■ Source data ■
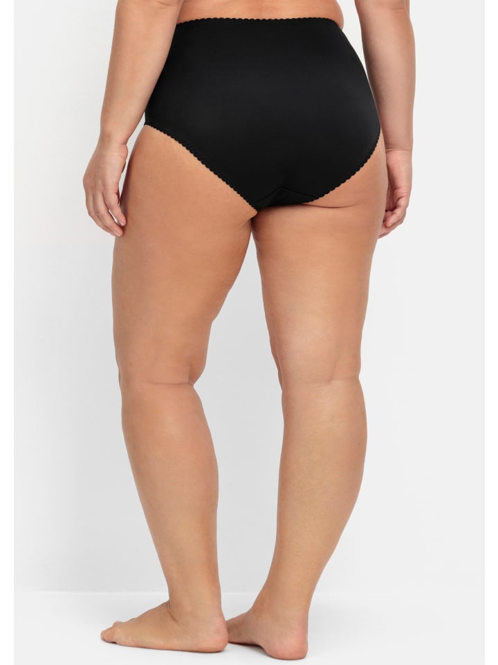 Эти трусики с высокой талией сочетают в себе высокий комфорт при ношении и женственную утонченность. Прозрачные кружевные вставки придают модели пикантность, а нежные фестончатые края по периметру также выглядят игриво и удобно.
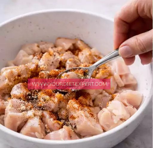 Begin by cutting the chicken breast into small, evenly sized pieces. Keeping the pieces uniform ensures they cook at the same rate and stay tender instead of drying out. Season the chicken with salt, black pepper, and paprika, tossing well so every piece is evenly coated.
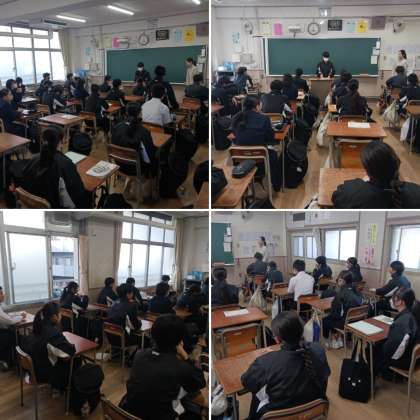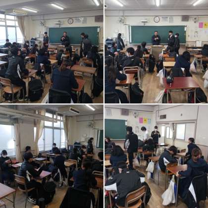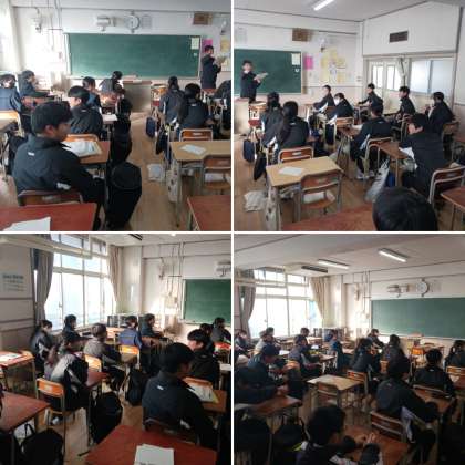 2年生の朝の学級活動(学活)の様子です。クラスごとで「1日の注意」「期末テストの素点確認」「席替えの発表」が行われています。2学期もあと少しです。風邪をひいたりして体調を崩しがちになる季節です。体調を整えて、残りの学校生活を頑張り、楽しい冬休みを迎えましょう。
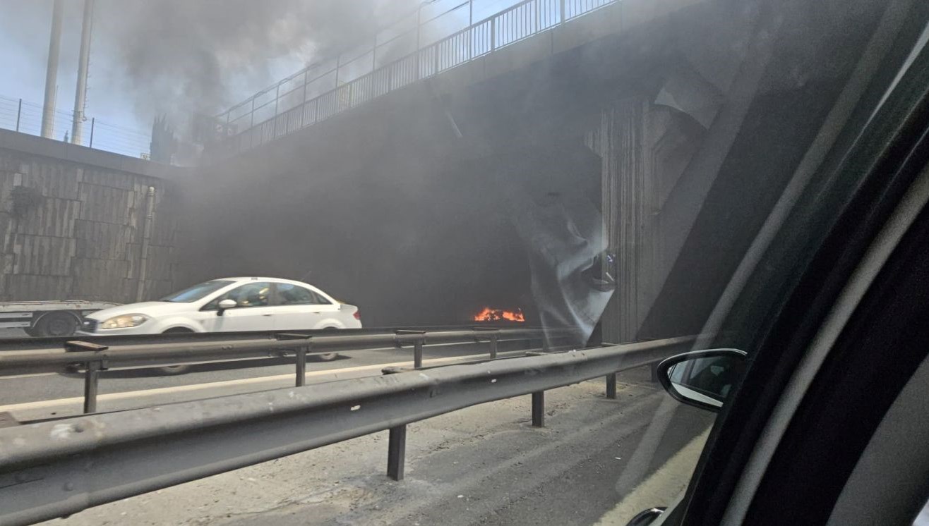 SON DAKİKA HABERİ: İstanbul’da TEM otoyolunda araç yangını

■ Exercise ■
Would you set down each line of the listing above exactly, apart from the pictures?

■ Solution to the exercise ■
 Эти трусики с высокой талией сочетают в себе высокий комфорт при ношении и женственную утонченность. Прозрачные кружевные вставки придают модели пикантность, а нежные фестончатые края по периметру также выглядят игриво и удобно.
 Begin by cutting the chicken breast into small, evenly sized pieces. Keeping the pieces uniform ensures they cook at the same rate and stay tender instead of drying out. Season the chicken with salt, black pepper, and paprika, tossing well so every piece is evenly coated.
 2年生の朝の学級活動(学活)の様子です。クラスごとで「1日の注意」「期末テストの素点確認」「席替えの発表」が行われています。2学期もあと少しです。風邪をひいたりして体調を崩しがちになる季節です。体調を整えて、残りの学校生活を頑張り、楽しい冬休みを迎えましょう。
 SON DAKİKA HABERİ: İstanbul’da TEM otoyolunda araç yangını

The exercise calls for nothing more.